**Data provided:**

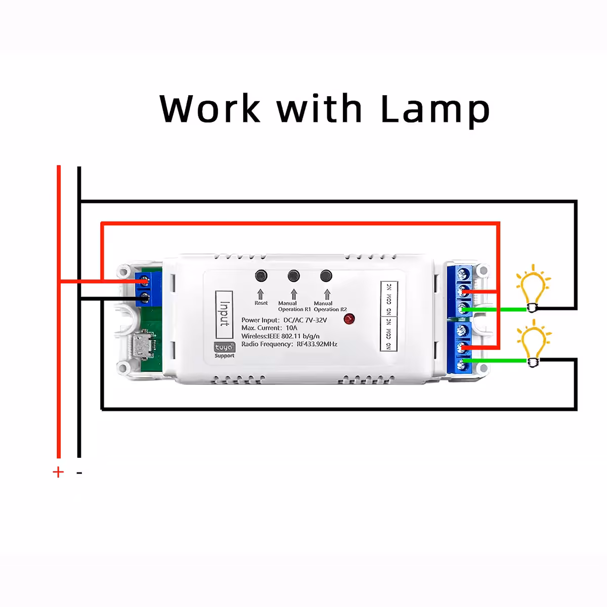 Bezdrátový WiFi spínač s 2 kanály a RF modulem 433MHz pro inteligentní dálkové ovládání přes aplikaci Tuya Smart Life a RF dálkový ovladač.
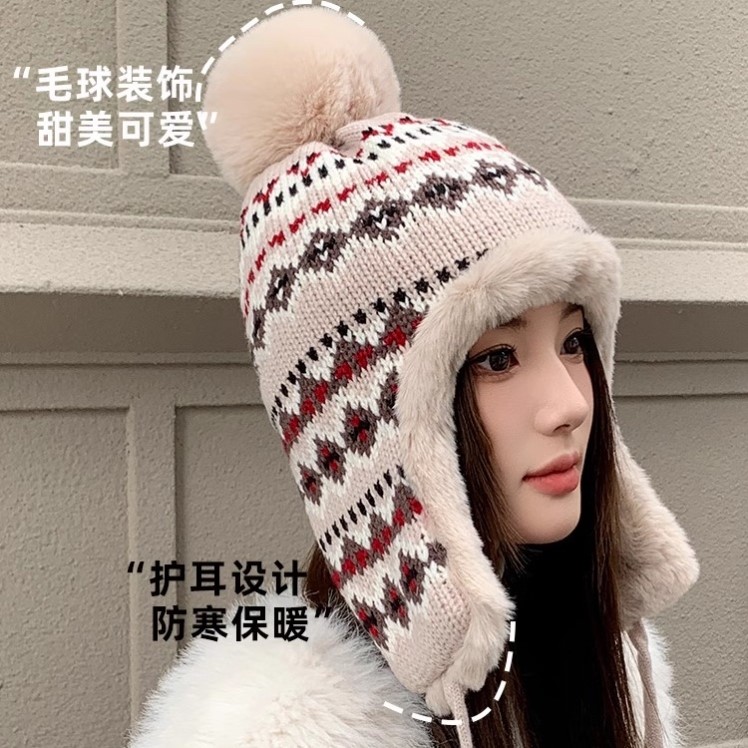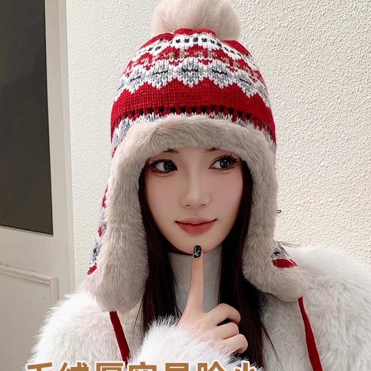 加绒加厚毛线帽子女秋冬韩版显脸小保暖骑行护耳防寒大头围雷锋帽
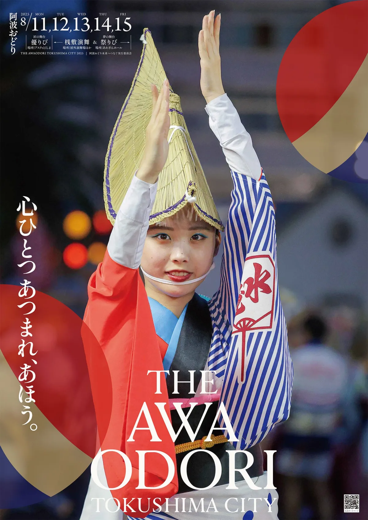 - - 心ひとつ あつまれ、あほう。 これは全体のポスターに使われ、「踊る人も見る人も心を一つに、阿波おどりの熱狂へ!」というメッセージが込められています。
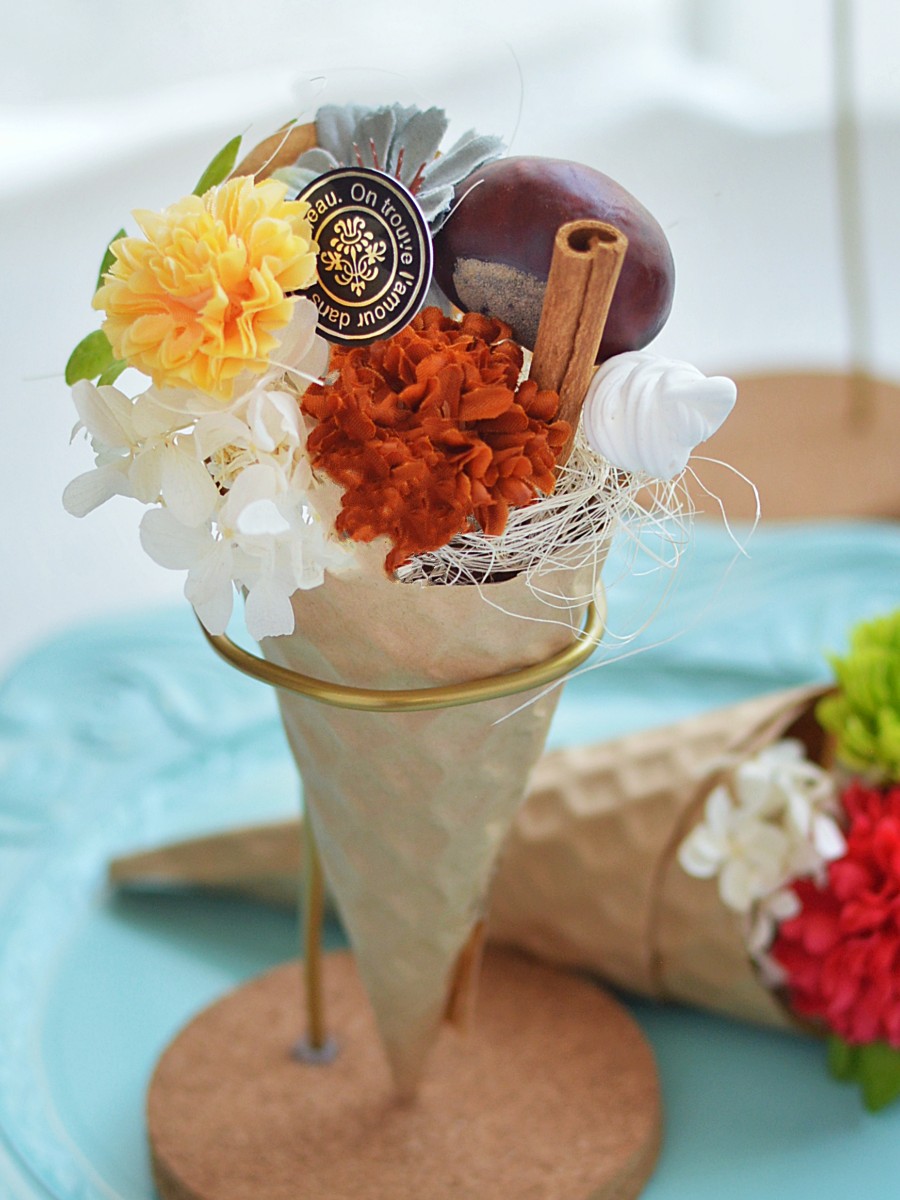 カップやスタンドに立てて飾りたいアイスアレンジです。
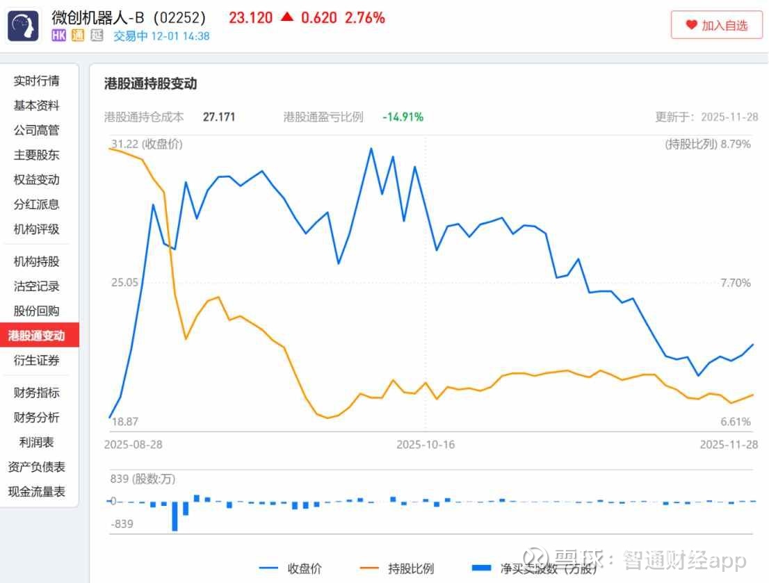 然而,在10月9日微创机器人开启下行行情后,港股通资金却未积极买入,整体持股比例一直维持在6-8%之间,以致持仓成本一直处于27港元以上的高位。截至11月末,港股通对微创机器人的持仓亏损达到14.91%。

==

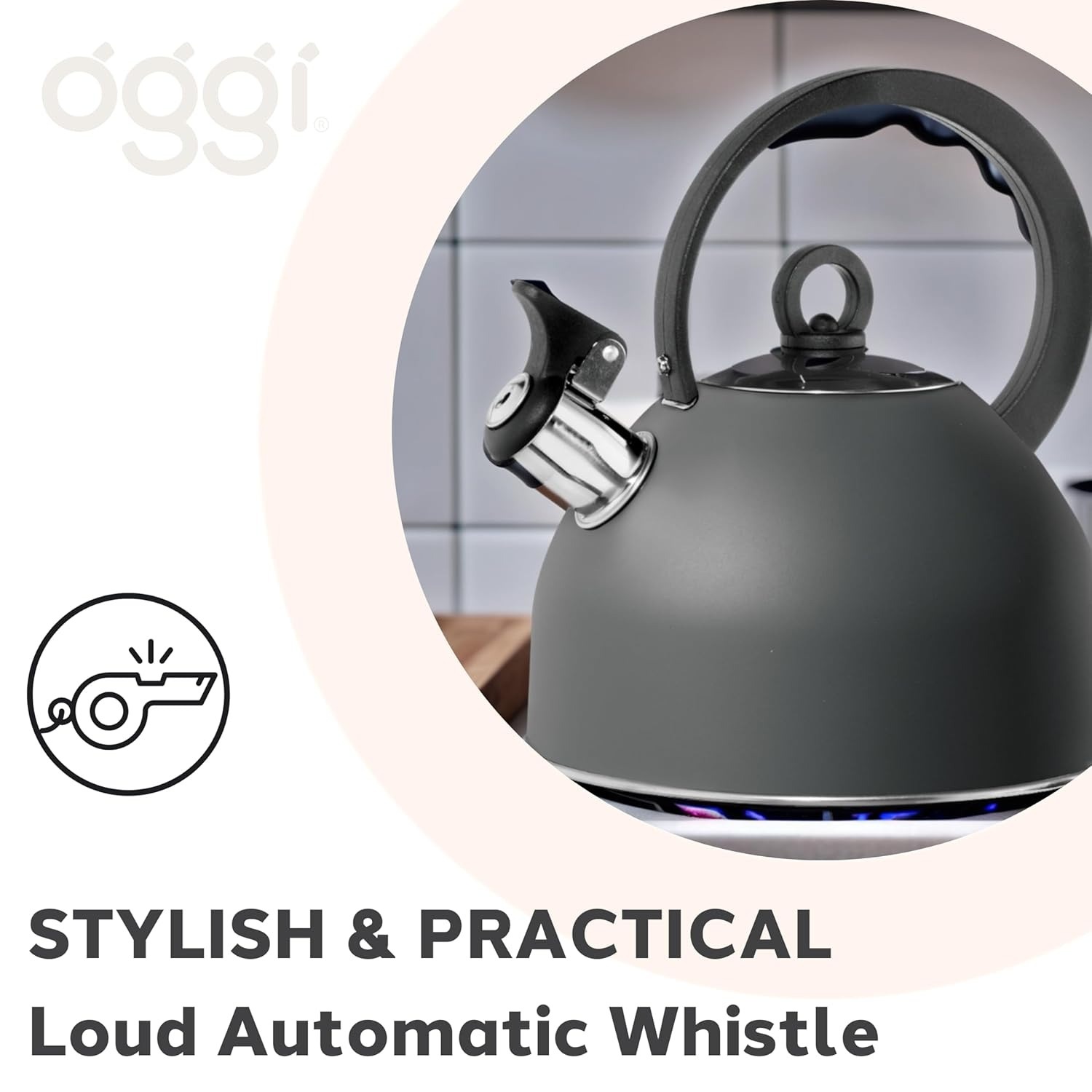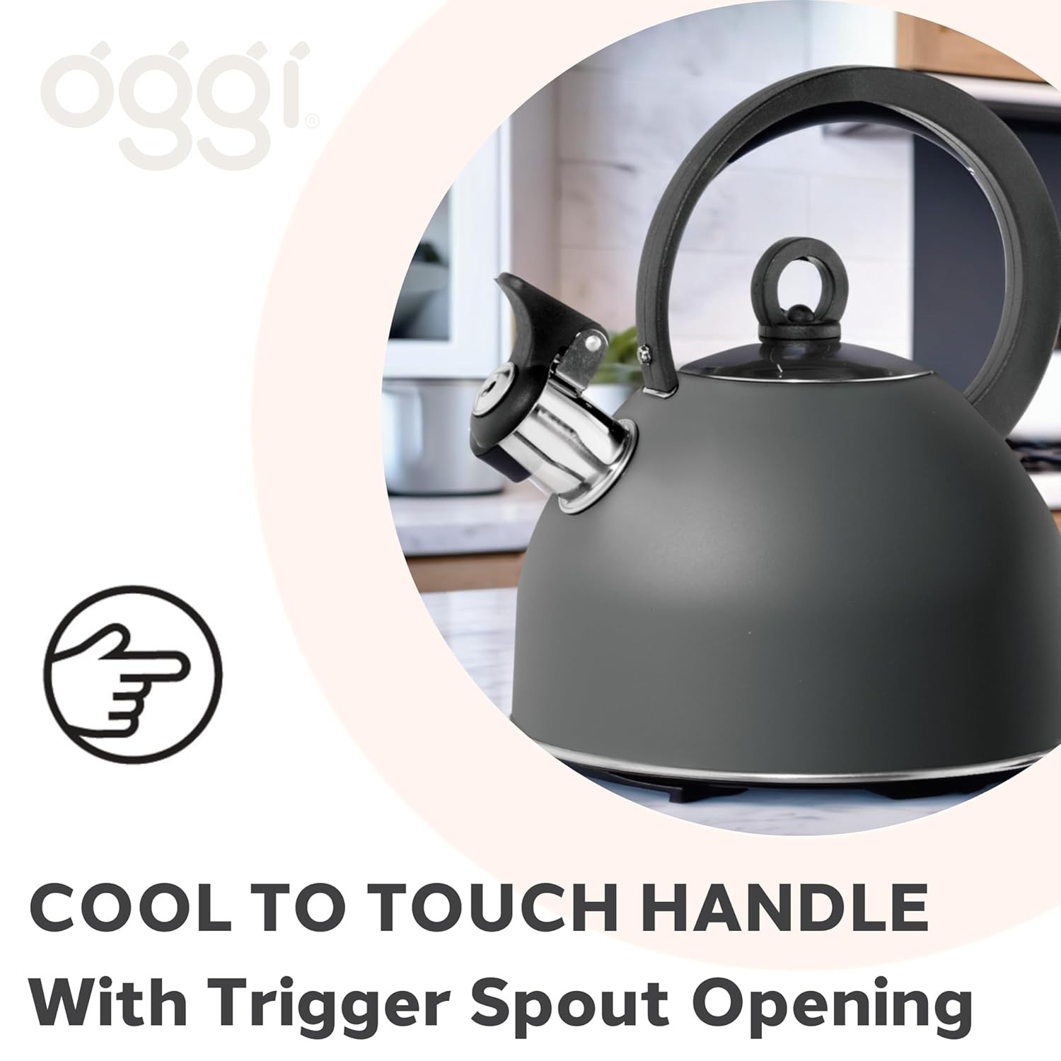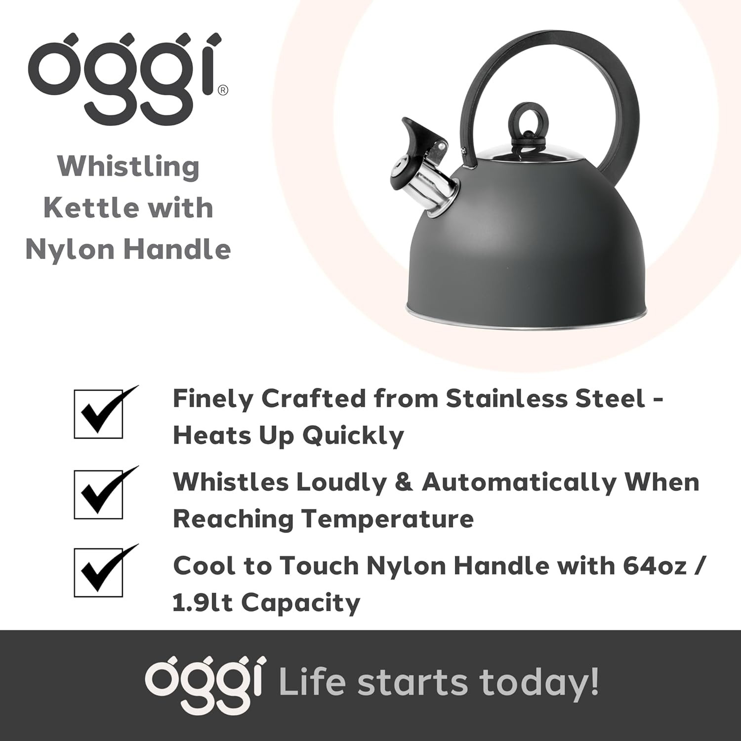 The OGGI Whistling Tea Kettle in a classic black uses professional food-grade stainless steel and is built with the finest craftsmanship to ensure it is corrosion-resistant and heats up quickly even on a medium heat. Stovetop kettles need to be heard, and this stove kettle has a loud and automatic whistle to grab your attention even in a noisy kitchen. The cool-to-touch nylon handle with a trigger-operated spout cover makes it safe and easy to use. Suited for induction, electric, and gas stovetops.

...

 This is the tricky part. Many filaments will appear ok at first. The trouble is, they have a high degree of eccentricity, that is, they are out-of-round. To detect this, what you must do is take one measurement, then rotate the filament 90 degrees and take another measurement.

**Exercise requirements:** Copy only the lines above from the one containing "Bezdrátový WiFi spínač" through the one containing "然而,在10月9日微创机器人", both included. Leave out the pictures.

**Output below:**
 Bezdrátový WiFi spínač s 2 kanály a RF modulem 433MHz pro inteligentní dálkové ovládání přes aplikaci Tuya Smart Life a RF dálkový ovladač.
 加绒加厚毛线帽子女秋冬韩版显脸小保暖骑行护耳防寒大头围雷锋帽
 - - 心ひとつ あつまれ、あほう。 これは全体のポスターに使われ、「踊る人も見る人も心を一つに、阿波おどりの熱狂へ!」というメッセージが込められています。
 カップやスタンドに立てて飾りたいアイスアレンジです。
 然而,在10月9日微创机器人开启下行行情后,港股通资金却未积极买入,整体持股比例一直维持在6-8%之间,以致持仓成本一直处于27港元以上的高位。截至11月末,港股通对微创机器人的持仓亏损达到14.91%。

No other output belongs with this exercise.